The downstream pathways through which the IL-10 and IL-12 receptors signal exhibit several potential modalities for cross-talk and competition, via the suppressors of cytokine signaling proteins, SOCS1 and SOCS3 (Fig. 1a). IL-10 induces signaling via the transcription factor Signal Transducer and Activator of Transcription 3 (STAT3), which drives the production of SOCS1 and SOCS3.42, 43 IL-12 induces signaling via STAT4, which promotes the production of SOCS1.44 SOCS1 inhibits signaling downstream of both IL-10 and IL-12 receptors45, while SOCS3 inhibits signaling downstream from IL-12 but not IL-1043. Therefore, SOCS1 and SOCS3 may mediate asymmetric feedback regulation of signaling pathways that regulate macrophage phenotype determination. This network has also been reported to exhibit positive feedback in response to IL-10 or IL-12, via increased IL-10 secretion46 and increased expression of the IL-12 receptor47, respectively. Notably, this qualitative conceptual model (Fig. 1a) cannot predict the outcome of a competition between incoherent stimuli IL-10 and IL-12.
Figure 1. Dose dependent responses to incoherent stimuli IL-10 and IL-12.

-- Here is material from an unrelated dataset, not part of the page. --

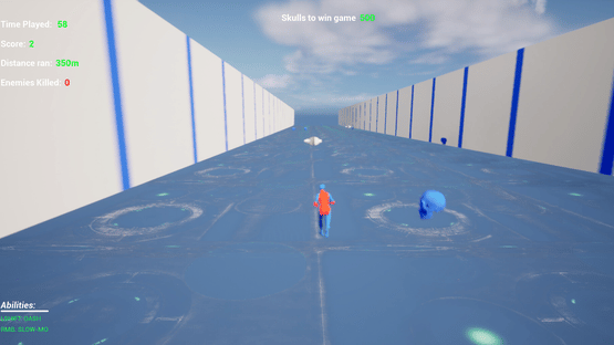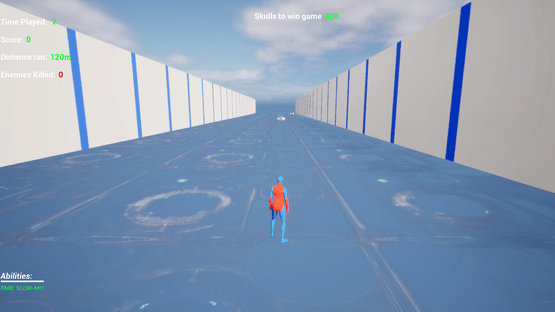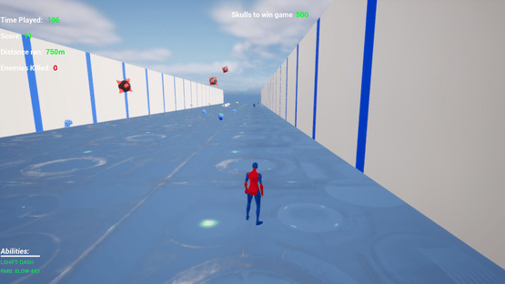 Endless Runner game where player controls cyborg, whose mission is to collect skulls and avoid spikes, moving enemies and other traps

(a) Conceptual model of potential motifs of cross-talk and competition in the IL-10/IL-12 signaling network in macrophages. (b) RAW cells were treated with combinations of IL-10 and IL-12 for 12 h, activated with LPS for 3 h, and profiled by qPCR. Red text: genes typically annotated as M1, blue text: genes typically annotated as M2. Heat map colors indicate up-regulation or down-regulation vs. the LPS-only control as per the scale bar. All data, including non-responsive genes not shown here, are shown with error bars in Figure S3. (c) Comparative gene expression responses of RAW cells and BMDM to IL-10/IL-12 competition. Error bars represent +/−1 standard deviation, from biological triplicates. (d) Comparative intracellular TNFα protein expression by RAW cells and BMDM following IL-10/IL-12 competition, quantified by flow cytometry. Error bars represent +/−1 standard deviation, from three independent experiments. For additional statistical analysis of panels C–D, see Figure S4. (*p ≤ 0.05, **p ≤ 0.01, ***p ≤ 0.001)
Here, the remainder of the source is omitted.